Abstract
This cohort study uses data from the ongoing Adolescent Brain Cognitive Development (ABCD) study to assess the association of maternal use of cannabis before and after knowledge of pregnancy with psychosis proneness in children.
Mirroring increases in the general population, the prevalence of past-month marijuana use among pregnant mothers in the United States increased by 75% between 2002 (2.85%) and 2016 (4.98%).1 Although cannabis use has been linked to psychosis, little is known about prenatal exposure.2,3 Unprecedented increases in marijuana use during pregnancy, alongside evidence that cannabis use is correlated with psychosis and that endocannabinoids play an important role in neurodevelopment, highlight the importance of evaluating potential long-term consequences of prenatal exposure.4
Methods
We used data from the ongoing Adolescent Brain Cognitive Development (ABCD) study (data release 1.0; https://abcdstudy.org/) to test whether maternal report of cannabis use during pregnancy is associated with psychosis proneness (Prodromal Questionnaire–Brief Child Version total score) among 4361 children aged 8.9 to 11.0 years who were born between 2005 and 2008 to 3774 mothers through 3926 pregnancies (Table).
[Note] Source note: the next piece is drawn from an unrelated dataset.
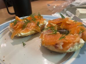 Served with capers is the Danish style. Red onion and cream cheese if you prefer.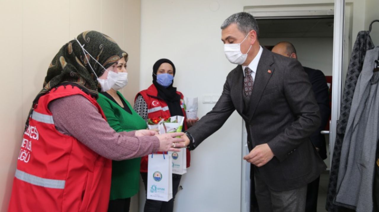 Park ve Bahçeler Müdürlüğü’ne ait serada üretilen çuha çiçeğini ve UYUM öğrencileri tarafından yapılan karo çalışmasını kadınlara takdim eden Başkan Ramazan Şimşek “Tarihimiz boyunca yaptıkları mücadele, fedakârlık ve başarıları ile örnek olan, aile kurumunun temel taşı, değerlerimizin temsilcisi ve koruyucusu, şefkatin ve özverinin sembolü olan Türk kadınlarının, 8 Mart Dünya Kadınlar Günü kutlu olsun” dedi.

All parents provided written informed consent, and all children provided assent to a research protocol approved by the institutional review board at each data collection site (https://abcdstudy.org/study-sites/). The Prodromal Questionnaire-Brief Child version is a 21-item self-report questionnaire designed for children that assesses psychoticlike experiences; total scores range from 0 to 21, with higher scores indicating more psychoticlike experiences.5 Because the sample contains twin and nontwin siblings as well as 21 research sites, linear mixed-effects models were used to nest data on these parameters using the lme4 package in R, version 3.5.0 (The R Foundation). Analyses examining the association between offspring psychosis proneness and prenatal marijuana exposure before (0/1) and after (0/1) maternal knowledge of pregnancy (entered into the regression simultaneously) were conducted using 3 statistical models: (1) no fixed-effect covariates (FECs); (2) potentially confounding FECs (ie, child-, mother-, and pregnancy-related variables; eg, maternal alcohol and tobacco use during pregnancy, maternal education, household income, familial history of psychosis, unplanned pregnancy, child substance exposure; see footnote to the Table); and (3) only FECs significantly associated with psychosis proneness (Table).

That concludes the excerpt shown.